Any suggestions on detecting them quickly and easily?
*From:*Cheng Lian [mailto:[email protected]]
*Sent:* Monday, September 28, 2015 5:56 PM
*To:* Thomas, Jordan <[email protected]>
<mailto:[email protected]>; [email protected]
<mailto:[email protected]>
*Cc:* [email protected] <mailto:[email protected]>
*Subject:* Re: Performance when iterating over many parquet files
Also, you may find more details in the programming guide:
-
http://spark.apache.org/docs/latest/sql-programming-guide.html#schema-merging
-
http://spark.apache.org/docs/latest/sql-programming-guide.html#configuration
Cheng
On 9/28/15 3:54 PM, Cheng Lian wrote:
I guess you're probably using Spark 1.5? Spark SQL does
support schema merging, but we disabled it by default since
1.5 because it introduces extra performance costs (it's turned
on by default in 1.4 and 1.3).
You may enable schema merging via either the Parquet data
source specific option "mergeSchema":
sqlContext.read.option("mergeSchema", "true").parquet(path)
or the global SQL option "spark.sql.parquet.mergeSchema":
sqlContext.sql("SET spark.sql.parquet.mergeSchema=true")
sqlContext.read.parquet(path)
Cheng
On 9/28/15 3:45 PM, [email protected]
<mailto:[email protected]> wrote:
Dear Michael,
Thank you very much for your help.
I should have mentioned in my original email, I did try
the sequence notation.

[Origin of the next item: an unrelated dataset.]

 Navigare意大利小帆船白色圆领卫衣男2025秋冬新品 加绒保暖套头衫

It doesn’t seem to have the
desired effect. Maybe I should say that each one of these
files has a different schema. When I use that call, I’m
not ending up with a data frame with columns from all of
the files taken together, but just one of them. I’m
tracing through the code trying to understand exactly what
is happening with the Seq[String] call. Maybe you know?
Is it trying to do some kind of schema merging?

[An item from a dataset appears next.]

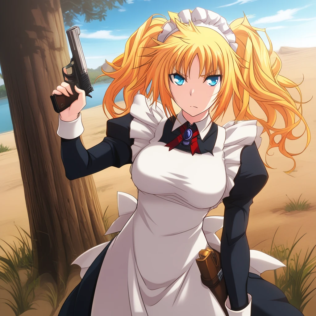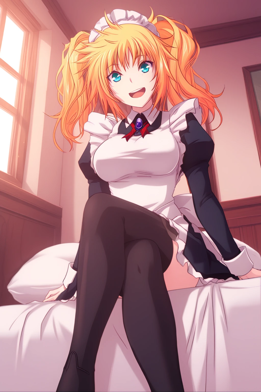 stasy_majikoi,blonde hair,blue eyes,puffy sleeves,messy hair,apron,maid apron, maid headdress,maid_outfit,maid,twintails,long hairs,juliet sleeves,(black thighhighs), long sleeves,large breasts

Also, it seems that even if I could get it to work, it
would require some parsing of the resulting schemas to
find the invalid files. I would like to capture these
errors on read.
The parquet files currently average about 60 MB in size,
with min about 40 MB and max about 500 or so. I could
coalesce, but they do correspond to logical entities and
there are a number of use-case specific reasons to keep
them separate.
Thanks,
Jordan
*From:*Michael Armbrust [mailto:[email protected]]
*Sent:* Monday, September 28, 2015 4:02 PM
*To:* Thomas, Jordan <[email protected]>
<mailto:[email protected]>
*Cc:* user <[email protected]>
<mailto:[email protected]>
*Subject:* Re: Performance when iterating over many
parquet files
Another note: for best performance you are going to want
your parquet files to be pretty big (100s of mb). You
could coalesce them and write them out for more efficient
repeat querying.
On Mon, Sep 28, 2015 at 2:00 PM, Michael Armbrust
<[email protected] <mailto:[email protected]>>
wrote:
sqlContext.read.parquet
<https://github.com/apache/spark/blob/master/sql/core/src/main/scala/org/apache/spark/sql/DataFrameReader.scala#L258>
takes lists of files.
val fileList = sc.textFile("file_list.txt").collect()
// this works but using spark is possibly overkill
val dataFrame = sqlContext.read.parquet(fileList: _*)
On Mon, Sep 28, 2015 at 1:35 PM, jwthomas
<[email protected]
<mailto:[email protected]>> wrote:
We are working with use cases where we need to do
batch processing on a large
number (hundreds of thousands) of Parquet files.
The processing is quite
similar per file. There are a many aggregates
that are very SQL-friendly
(computing averages, maxima, minima, aggregations
on single columns with
some selection criteria). There are also some
processing that is more
advanced time-series processing (continuous
wavelet transforms and the
like). This all seems like a good use case for Spark.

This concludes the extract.